海野常務理事は「私たちの目的は無人運航船の普及を通じ、日本に物流革命を起こすとともに、海運国日本の実力を世界に示すこと。無人運航船技術が小型船に実装できるようになれば、離島航路への転用が可能になり、船員不足や労務負担の解消につながっていくのではないかと考えている」と期待感を示した。
小型観光船による無人運航プロジェクトは防災への活用も視野に入れており、陸から近づきにくい場所や、陸の交通が閉鎖されてしまった場合の消火活動や避難支援などへの貢献が想定されている。

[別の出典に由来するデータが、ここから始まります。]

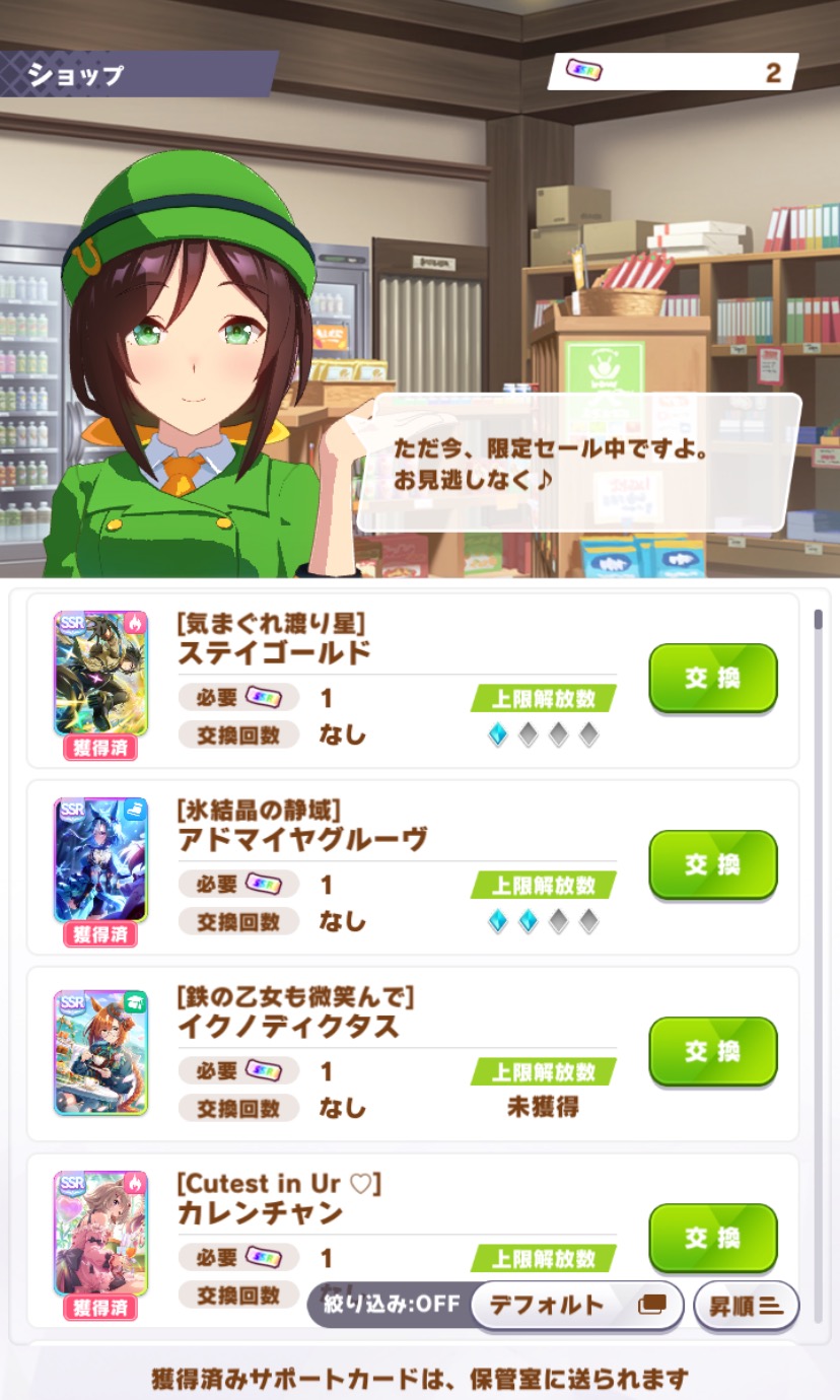 | … | 57825/09/02(火)06:11:24No.1349211079+虹結晶は最新のサポカに使えるのが一番いいとこなので 新シナリオ合わせのサポカまで取っておきたいですね |

丸紅の武智執行役員は「今回の貴重な経験を踏まえ、新たなビジネスモデルを作り上げていくことが我々の役割でありミッションだと考えている。より豊かな社会のインフラへとつなげていくべく、尽力していきたい」と語った。
日本財団は2025年までに無人運航船を本格的に実用化し、2040年までに内航船の50%を無人運航船とする目標を掲げている。同財団は無人運航船の実証実験の実績から日本主導の国際的なルール作りや、無人運航時代に対応した船員養成とインフラ整備などにも発展させていきたいとしている。